Personalised customer service

Why are small businesses missing the boat on personalised CX?

Our latest research shows that less than half of consumers believe that small businesses offer a more personalised customer experience.

Our latest report has revealed that small businesses are failing to capitalise on personalised CX. The findings show that the majority of consumers (60%) are receiving superior service from larger businesses across a range of key areas in which smaller enterprises should – in theory – have a natural advantage.

The report – Small Business Customer Service in 2023: A Missed Opportunity? – found that only 40% of consumers felt that smaller organisations offered a more personalised customer experience.

The findings also outlined some of the key areas in which small businesses are failing to adequately support their consumer base:

Just 39% of people said that small businesses seem to care more, despite challenges such as the cost of living crisis impacting earnings.

Only 37% believe small businesses are more likely to go the extra mile to resolve an issue.

Less than a third (32%) said that small businesses are more flexible when coming to an agreement on a problem.

But why are smaller organisations struggling with the aspects of CX and customer service that they should thrive in?

Coming up short

Whilst larger corporations hold obvious resource advantages that allow them to excel in areas such as pricing and speed, there is no reason that smaller businesses should be losing out when it comes to personalisation.

In fact, smaller businesses have potentially more opportunities for one-to-one interactions with customers and, with a smaller client base, should have visibility on each purchase or booking.

Unfortunately, the report reveals that the majority of small businesses do not view customer service as a major priority, with almost half having no dedicated customer service support.

More worrying still, 44% of small business owners believe that their business doesn’t need extensive customer service provision, with 19% advising that it was too expensive to hire more inhouse support, and 13% claiming it would be too expensive to outsource their customer service.

The combination of a lack of prioritisation and limited resources means that around half (48%) of small businesses have no dedicated customer service support.

But how is this lack of support impacting businesses?

Customer service is an investment, not a cost

As part of the report, consumers were surveyed about their responses to bad customer service experiences, with the results making for frightening reading for any company that does not deem customer service as business-critical. 50% of respondents admitted to having stopped spending following a bad customer service experience.

Moreover, 82% of those surveyed revealed that a positive customer experience can change their opinion of a brand or business for the better, even following a poor buying experience.

Around a third (32%) of people said that it encourages them to leave a more balanced review online, and 27% said that it prevents them from leaving a negative review.

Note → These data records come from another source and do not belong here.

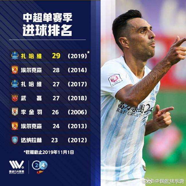 果不其然,扎哈维在11月份就做到了,从一个数字分析来看,中超单赛季进球排行前五中有三个是最近三年创造,当然这里不能忽视李金羽,大羽当年是在联赛只有28轮赛制的情况下创造的纪录,就鲁能那年的统治力来说,如果切换到30轮赛制,李金羽难保不会把自己的纪录延长。
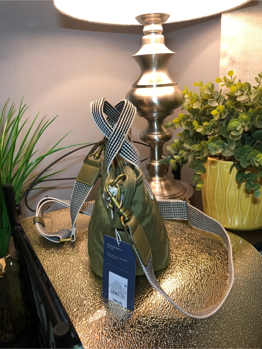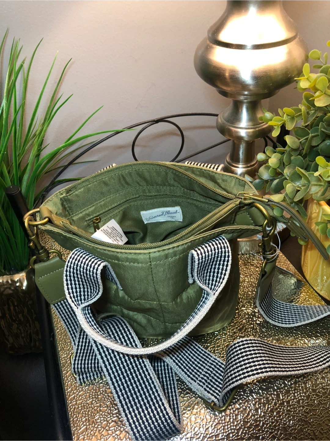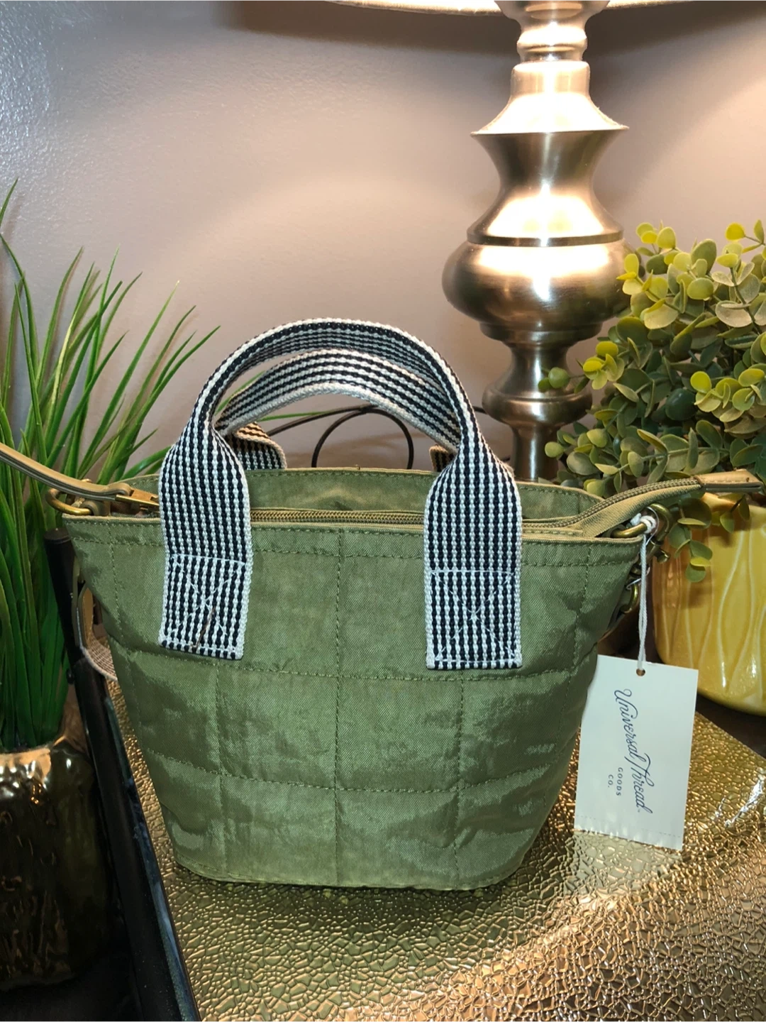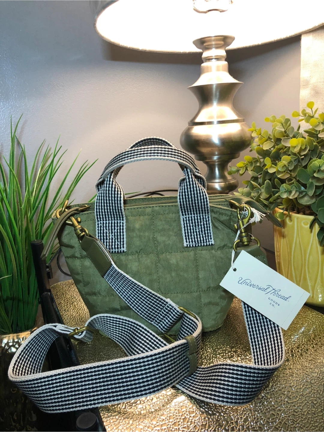 15This is an olive green quilted tote bag from Universal Thread. It features black and white striped handles and a removable shoulder strap. The bag is in great condition and ready for a new home!
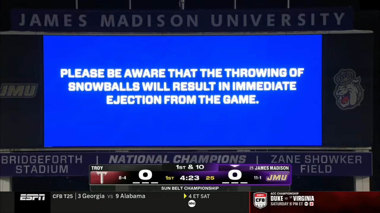 >>152410425Blame the ACC for having retarded tiebreakers that cucked their only playoff-worthy team in favor of a 7-5 shitter. That's why JMU is in. Wouldn't have happened if the ACC CCG was Miami vs Virginia. If conferences will be this large and they aren't going to use divisions they have to use CFP rankings as the second or third tiebreaker.
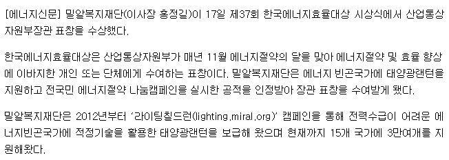 [에너지신문] 밀알복지재단, 에너지효율대상 장관 표창 수상
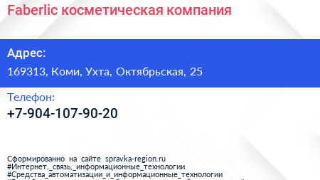 Faberlic, косметическая компания по адресу 169313, Коми, Ухта, Октябрьская, 25 в дальнейшем Организация, размещена в следующих категориях:
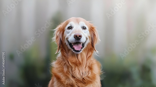 Golden Retriever Dog With Snow On Face Smiling Outdoors in Winter with Blurred Green Background
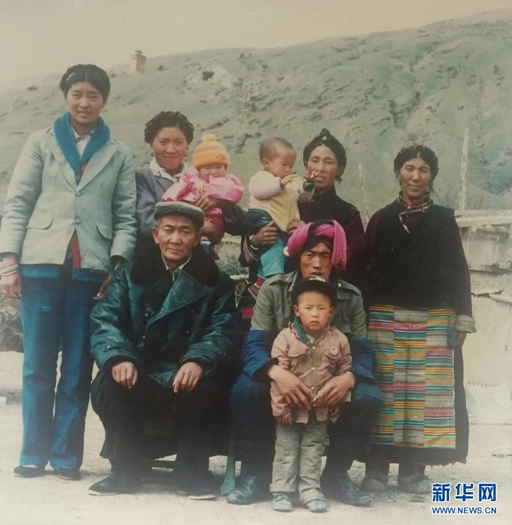 彭德玉(左前)与家人合影(资料照片)。新华社发
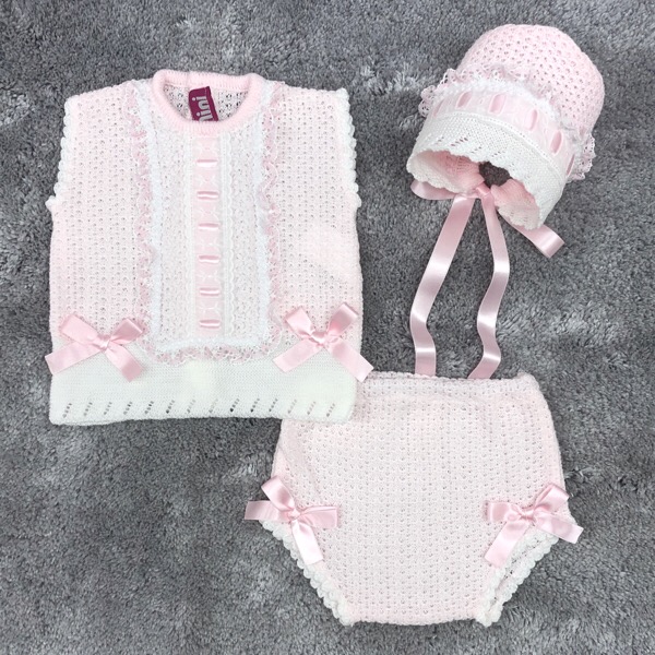 - Pink & white knit pants with elasticated waist
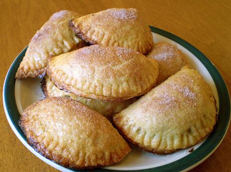 Déposer une bonne cuillerée à table de garniture au milieu de chaque rond. Replier le rond en demi-lune et utiliser une fourchette pour sceller les bords décorativement. Badigeonner le dessus de chaque chausson avec l’oeuf battu et saupoudrer du sucre à la cannelle pour terminer. Enfourner et cuire environ 20 minutes ou jusqu’à doré. Laisser refroidir 10 minutes avant de déguster.
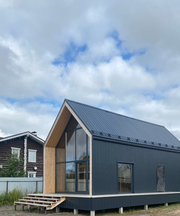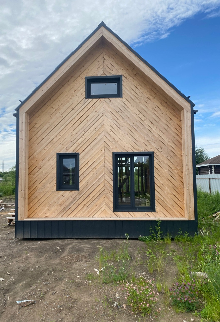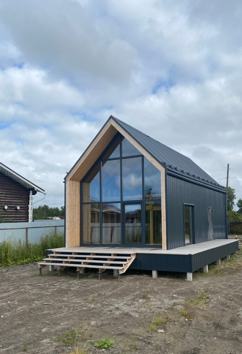 Дом для круглогодичного проживания, площадь 73 кв м, и две террасы 25 кв м, второй свет, высота потолка в кухне гостиной 6,5 метров,
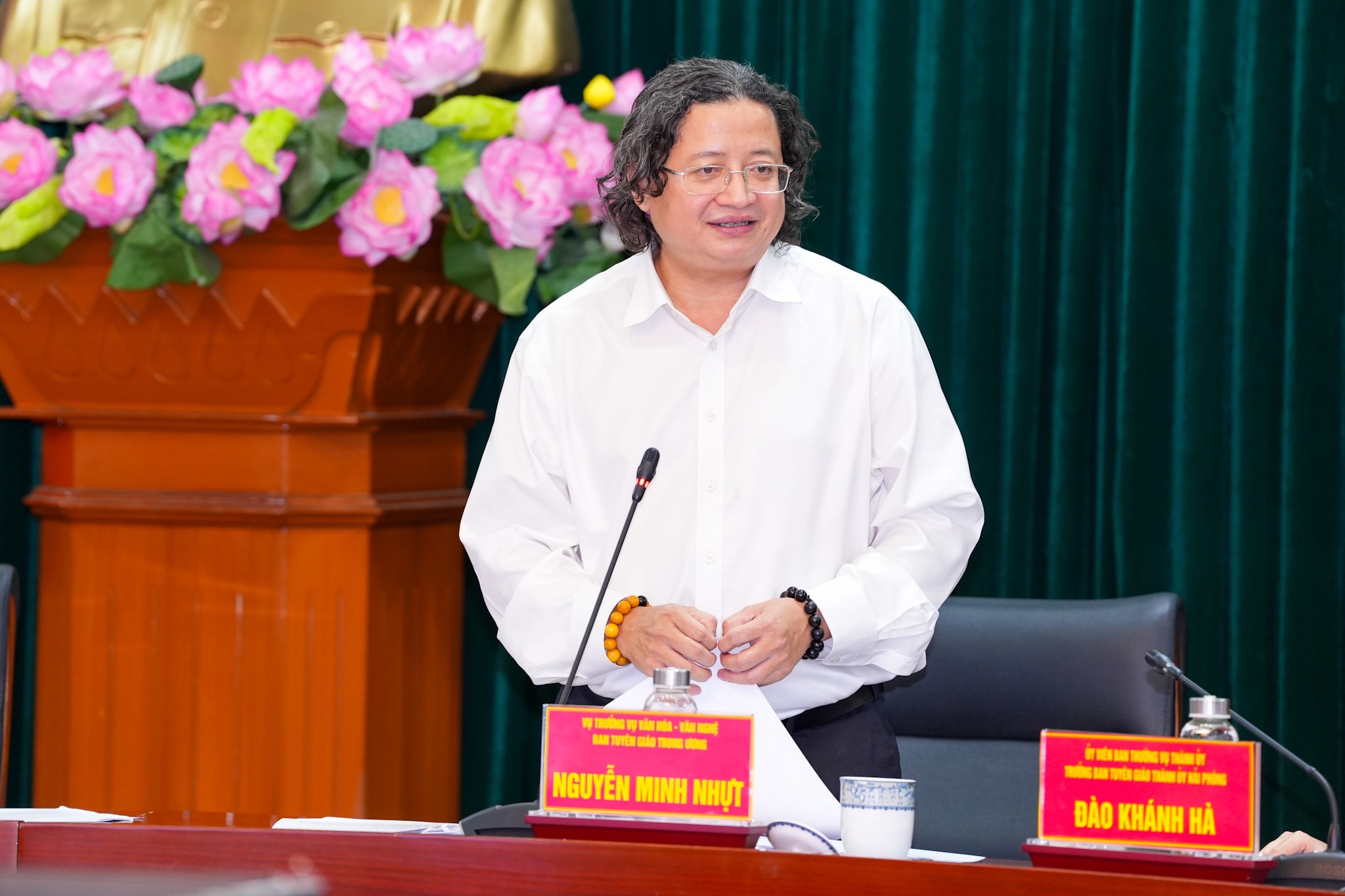 Đồng chí Nguyễn Minh Nhựt, Vụ trưởng Vụ Văn hoá - Văn nghệ, Ban Tuyên giáo Trung ương ghi nhận, Hải Phòng thành phố có nhiều cách làm hay, sáng tạo, hiệu quả trong thực hiện Nghị quyết số 33.Phát biểu tại cuộc làm việc, đại diện Đoàn công tác ghi nhận, Hải Phòng thành phố có nhiều cách làm hay, sáng tạo, hiệu quả trong thực hiện Nghị quyết số 33, trong đó, có một số chủ trương, quyết sách đột phá, mang dấu ấn riêng. Có cơ chế, chính sách đầu tư cho bảo tồn, phát huy các di sản văn hoá vật thể, phi vật thể trên địa bàn thành phố; coi trọng nhiệm vụ xây dựng, phát triển văn hoá, con người, có cơ chế chính sách phù hợp để đầu tư, khuyến khích đội ngũ văn nghệ sỹ, Nhân dân tích cực tham gia sáng tạo, cống hiến tài năng, trí tuệ.
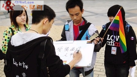 图文出自12月2日《东南快报》第A6版 昨天在五一广场,福建省第一个同性恋组织福桐联合会在进行“同志你好”的微笑征集活动。许多并不是同志的志愿者通过网络聚集在一起,向过往路人介绍“世界艾滋病日”的意义以及同志现状,征集异性恋的笑脸和对同性恋的祝福语。(记者 朱晓洁 陈懿萍 林朝阳 实习生 王雨果 王圣砚 摄影报道)
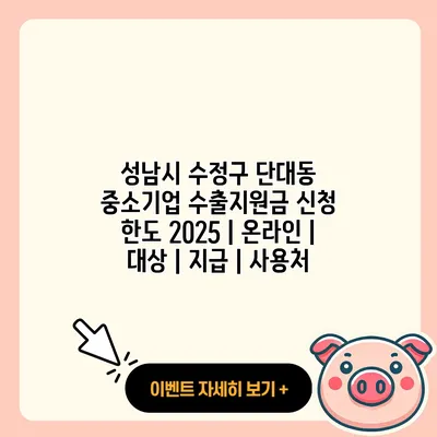 성남시 수정구 단대동 중소기업 수출지원금 신청 한도 2025 | 온라인 | 대상 | 지급 | 사용처
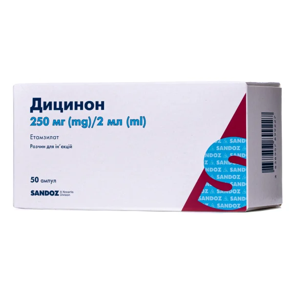 Этамзилат является средством для предотвращения и остановки кровотечения. Он влияет на первую стадию механизма гемостаза (взаимодействие между эндотелием и тромбоцитами). Дицинон повышает адгезивность тромбоцитов, нормализует устойчивость стенок капилляров, снижая таким образом их проницаемость, ингибирует биосинтез простагландинов, которые вызывают дезагрегацию тромбоцитов, вазодилатацию и повышенную проницаемость капилляров. В результате этого период кровотечения значительно уменьшается, кровопотеря снижается.
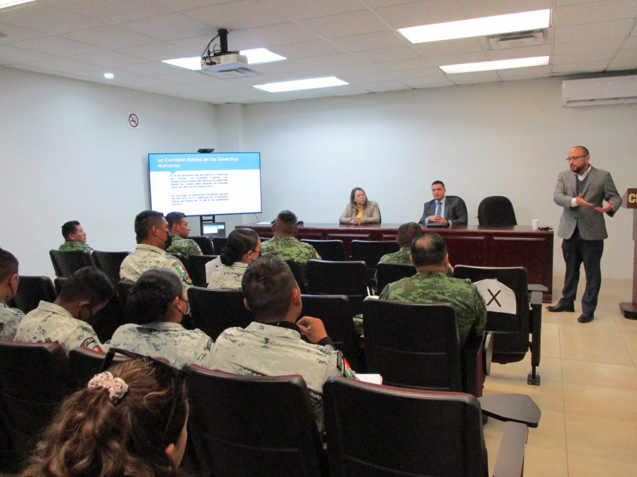 En seguimiento a los acuerdos generados en la Mesa de Seguridad Regional Para la Construcción de la Paz, la Fiscalía de Distrito Zona Sur y la Comisión Estatal de Derechos Humanos (CEDH), brindaron capacitación en materia de derechos humanos a elementos del Ejército Mexicano y la Guardia Nacional.
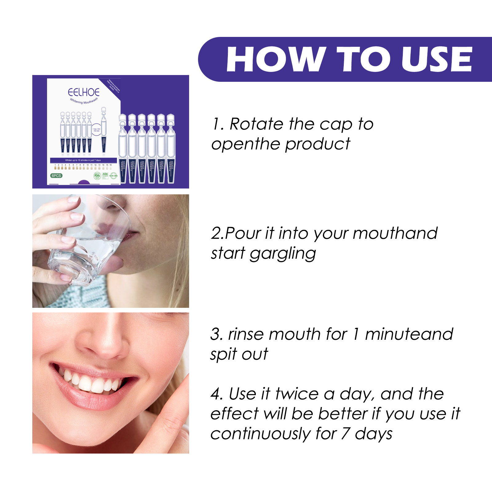 我们的焕白漱口水含有木糖醇、薄荷油、甘油。它可以深入牙釉质,分解沉积在牙齿上的色素,使牙齿由内而外变白。它的使用方法很简单:1. 旋转瓶盖打开产品;2.把它倒进嘴里,然后开始漱口;3. 漱口1分钟,然后吐出来;4. 每天使用两次,连续使用7天效果会更好。焕白漱口水全面美白牙齿,缓解口腔异味,持久的新鲜感,保护牙龈和牙齿。

Martin Brown, CCO at FM Outsource

“While larger businesses typically have the advantage of greater resources to invest in their customer service, smaller businesses should – in theory – have their own advantage in being able to offer a more flexible, personalised service to their customers. The research shows that unfortunately many are failing to do this and may be experiencing negative consequences as a result.

“The research really emphasises that small businesses cannot afford to rest on their laurels when it comes to customer service. Consumer expectations are continually increasing and it’s clear that there is a real risk of small businesses suffering negative online reviews, and an associated loss of custom, if they fail to meet those expectations.”